### WORK TASK
In the material below, find the line containing "将来的には家族の声を学習し、その声色で話しかける機能の追加も視野に入れている。" and the line containing "Told Tale Plus". Output those two lines and all lines between them exactly, without pictures.

### WORKING DATA

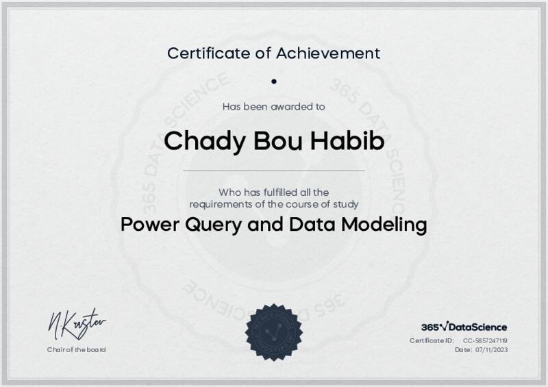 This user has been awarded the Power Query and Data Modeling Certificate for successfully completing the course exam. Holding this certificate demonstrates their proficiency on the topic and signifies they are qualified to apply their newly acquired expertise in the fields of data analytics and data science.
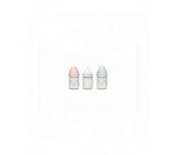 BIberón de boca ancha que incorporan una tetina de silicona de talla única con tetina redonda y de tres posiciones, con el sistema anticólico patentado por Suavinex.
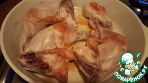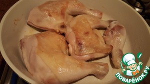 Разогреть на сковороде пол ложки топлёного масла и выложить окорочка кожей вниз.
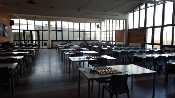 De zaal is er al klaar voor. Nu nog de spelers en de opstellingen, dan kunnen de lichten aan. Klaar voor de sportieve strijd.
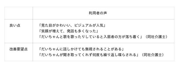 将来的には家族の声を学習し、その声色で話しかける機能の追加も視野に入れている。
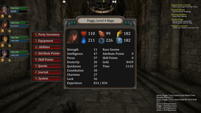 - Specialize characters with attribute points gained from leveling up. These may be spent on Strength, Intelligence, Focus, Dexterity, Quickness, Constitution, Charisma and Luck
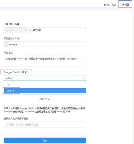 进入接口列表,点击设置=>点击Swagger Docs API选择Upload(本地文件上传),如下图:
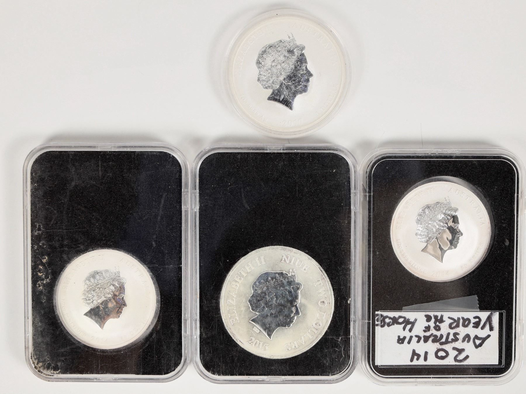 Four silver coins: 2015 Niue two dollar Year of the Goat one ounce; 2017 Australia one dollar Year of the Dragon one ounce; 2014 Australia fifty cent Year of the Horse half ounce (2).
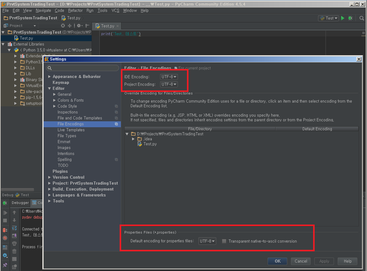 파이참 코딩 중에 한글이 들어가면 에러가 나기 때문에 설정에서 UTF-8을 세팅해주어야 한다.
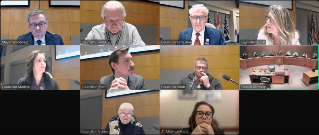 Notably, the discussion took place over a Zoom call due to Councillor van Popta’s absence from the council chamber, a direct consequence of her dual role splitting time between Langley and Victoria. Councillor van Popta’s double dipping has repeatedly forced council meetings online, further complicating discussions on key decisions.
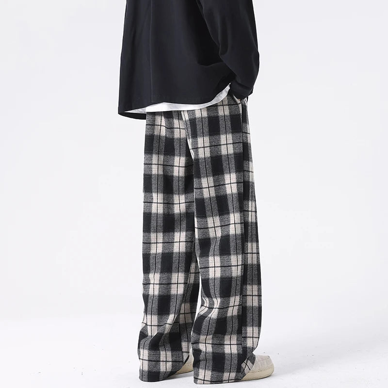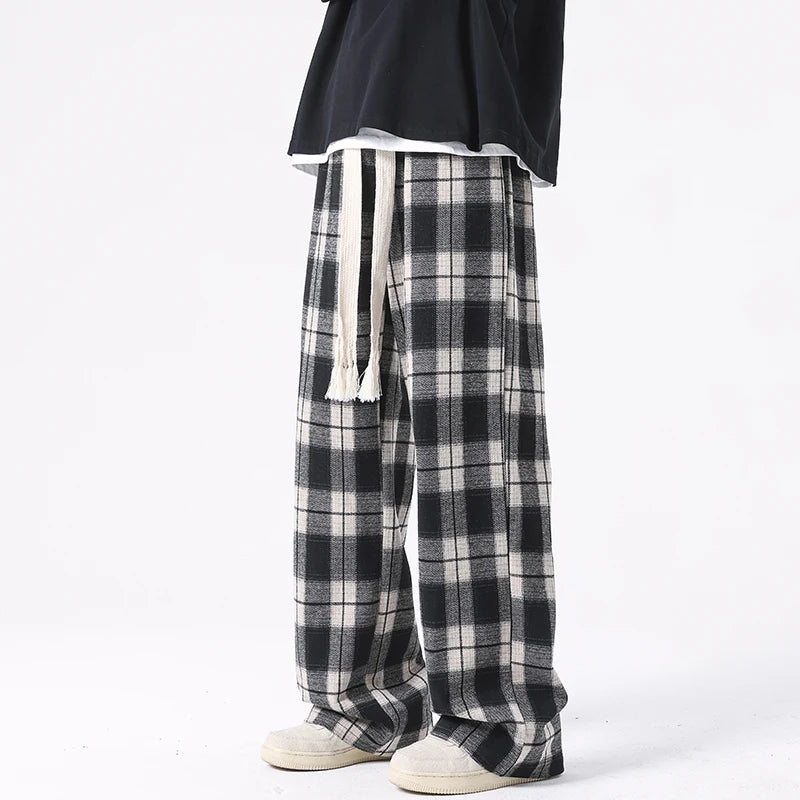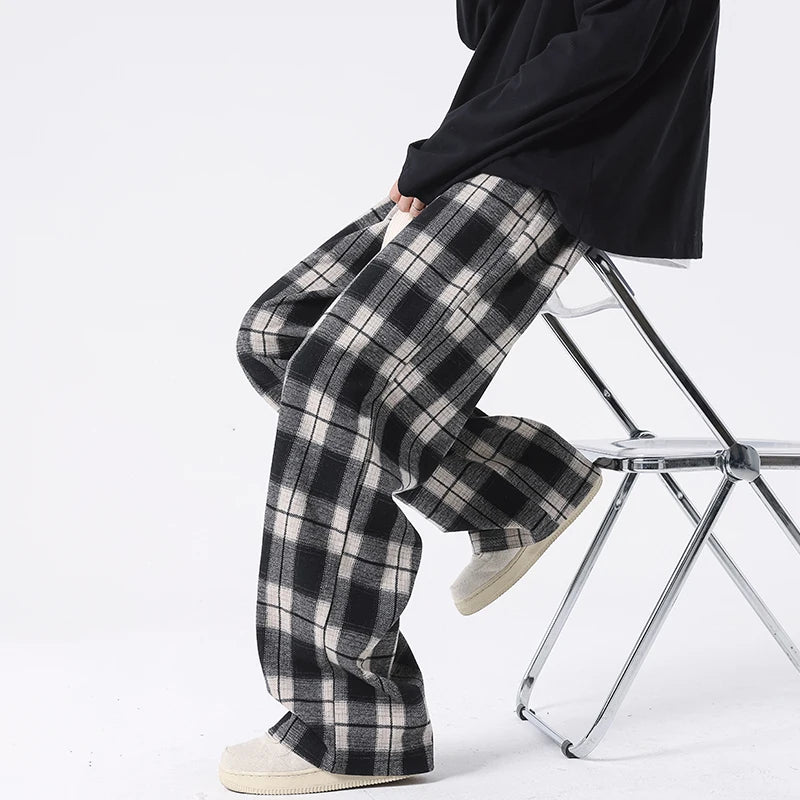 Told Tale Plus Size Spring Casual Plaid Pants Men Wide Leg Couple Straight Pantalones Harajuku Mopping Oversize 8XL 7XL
==
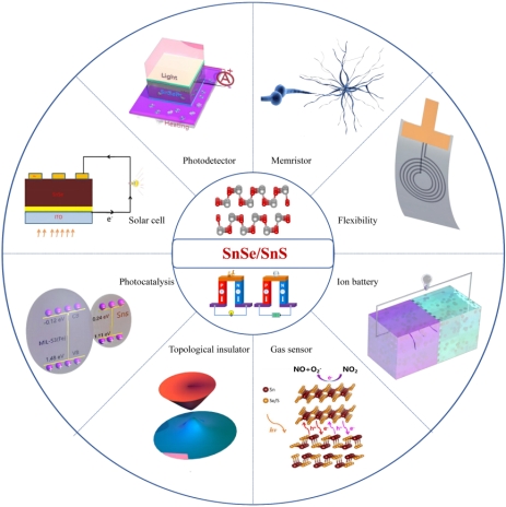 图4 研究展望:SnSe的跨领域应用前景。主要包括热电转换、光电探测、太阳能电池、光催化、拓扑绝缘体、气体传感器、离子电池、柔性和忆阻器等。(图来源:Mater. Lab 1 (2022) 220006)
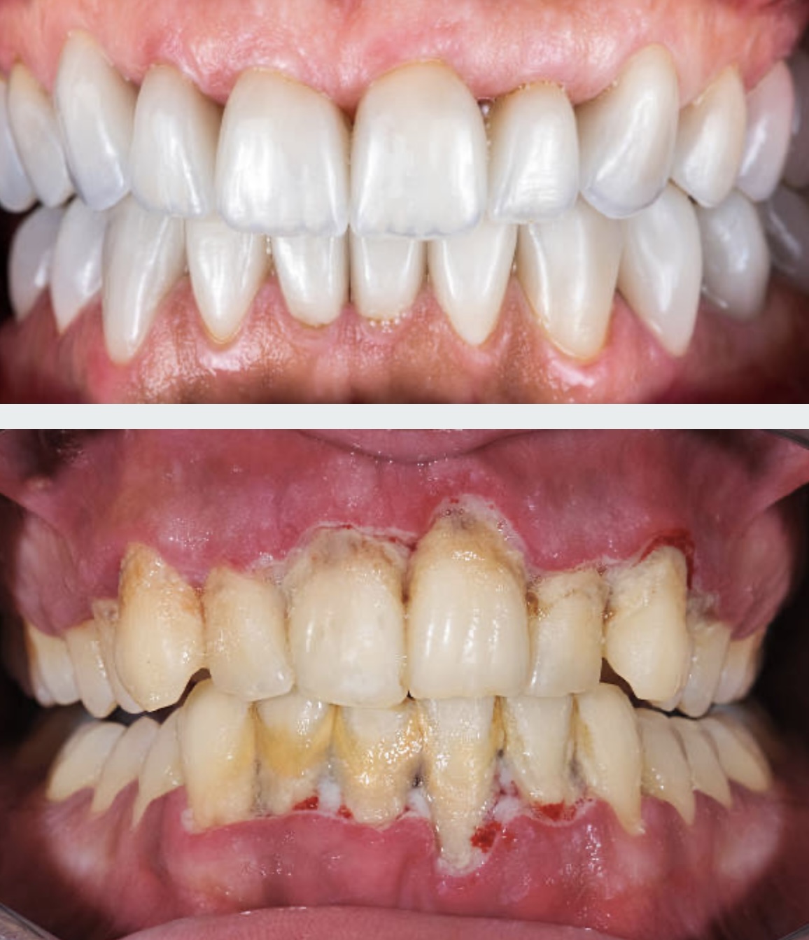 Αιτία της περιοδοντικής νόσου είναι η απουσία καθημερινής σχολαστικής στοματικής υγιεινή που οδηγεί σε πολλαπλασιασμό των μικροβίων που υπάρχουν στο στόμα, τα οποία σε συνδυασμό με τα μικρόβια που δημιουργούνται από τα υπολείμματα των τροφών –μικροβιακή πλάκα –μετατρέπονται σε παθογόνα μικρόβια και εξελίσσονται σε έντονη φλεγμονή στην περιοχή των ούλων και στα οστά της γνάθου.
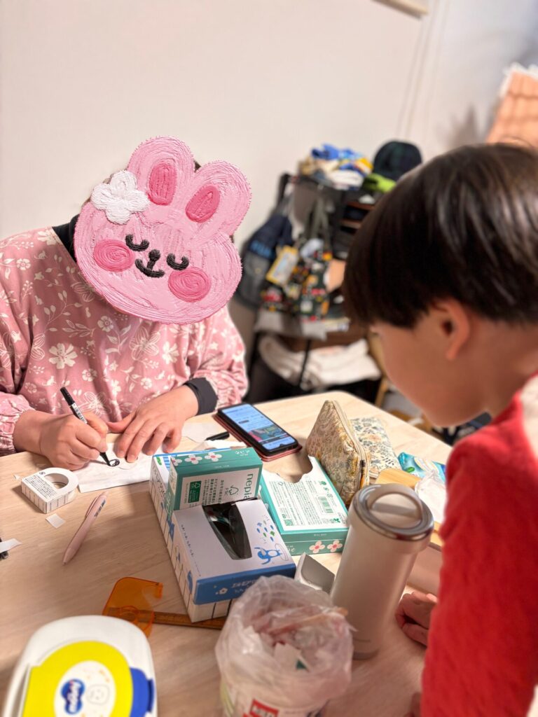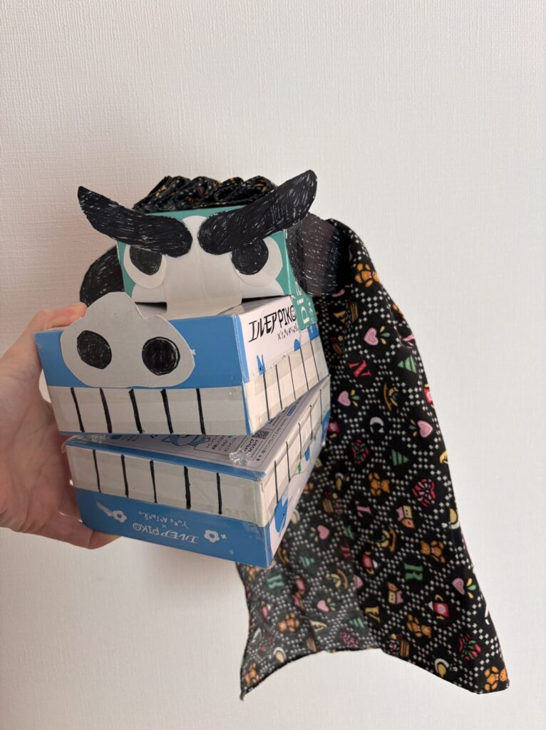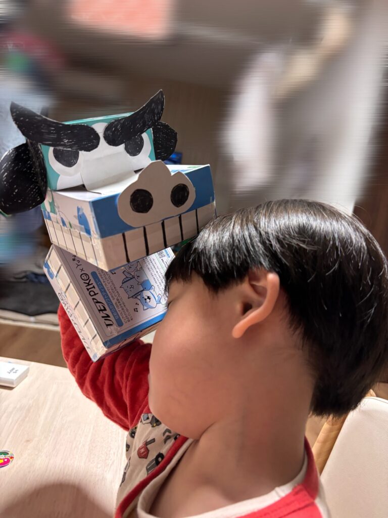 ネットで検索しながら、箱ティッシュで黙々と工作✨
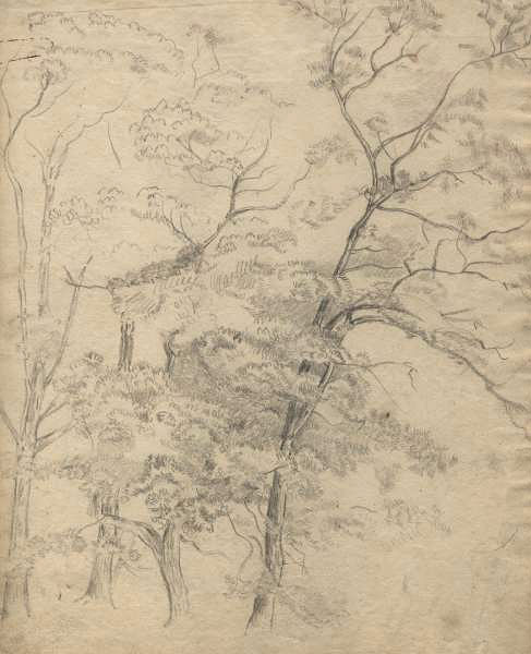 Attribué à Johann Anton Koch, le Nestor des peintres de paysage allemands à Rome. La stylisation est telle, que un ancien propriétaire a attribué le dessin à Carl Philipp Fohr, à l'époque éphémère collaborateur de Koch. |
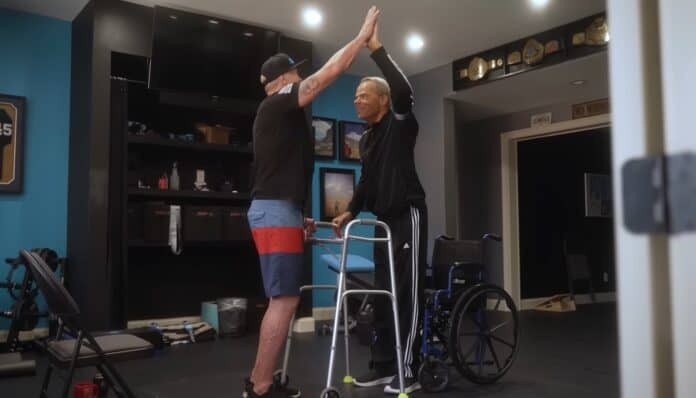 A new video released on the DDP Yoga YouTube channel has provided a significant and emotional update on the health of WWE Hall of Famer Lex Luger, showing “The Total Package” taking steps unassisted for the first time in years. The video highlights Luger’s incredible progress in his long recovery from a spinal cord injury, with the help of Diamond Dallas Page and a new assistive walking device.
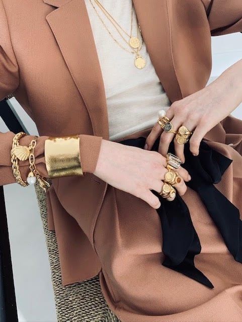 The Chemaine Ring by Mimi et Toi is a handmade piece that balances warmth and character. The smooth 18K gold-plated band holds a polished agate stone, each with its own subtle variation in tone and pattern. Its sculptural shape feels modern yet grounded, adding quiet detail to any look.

### ANSWER
 将来的には家族の声を学習し、その声色で話しかける機能の追加も視野に入れている。
 - Specialize characters with attribute points gained from leveling up. These may be spent on Strength, Intelligence, Focus, Dexterity, Quickness, Constitution, Charisma and Luck
 进入接口列表,点击设置=>点击Swagger Docs API选择Upload(本地文件上传),如下图:
 Four silver coins: 2015 Niue two dollar Year of the Goat one ounce; 2017 Australia one dollar Year of the Dragon one ounce; 2014 Australia fifty cent Year of the Horse half ounce (2).
 파이참 코딩 중에 한글이 들어가면 에러가 나기 때문에 설정에서 UTF-8을 세팅해주어야 한다.
 Notably, the discussion took place over a Zoom call due to Councillor van Popta’s absence from the council chamber, a direct consequence of her dual role splitting time between Langley and Victoria. Councillor van Popta’s double dipping has repeatedly forced council meetings online, further complicating discussions on key decisions.
 Told Tale Plus Size Spring Casual Plaid Pants Men Wide Leg Couple Straight Pantalones Harajuku Mopping Oversize 8XL 7XL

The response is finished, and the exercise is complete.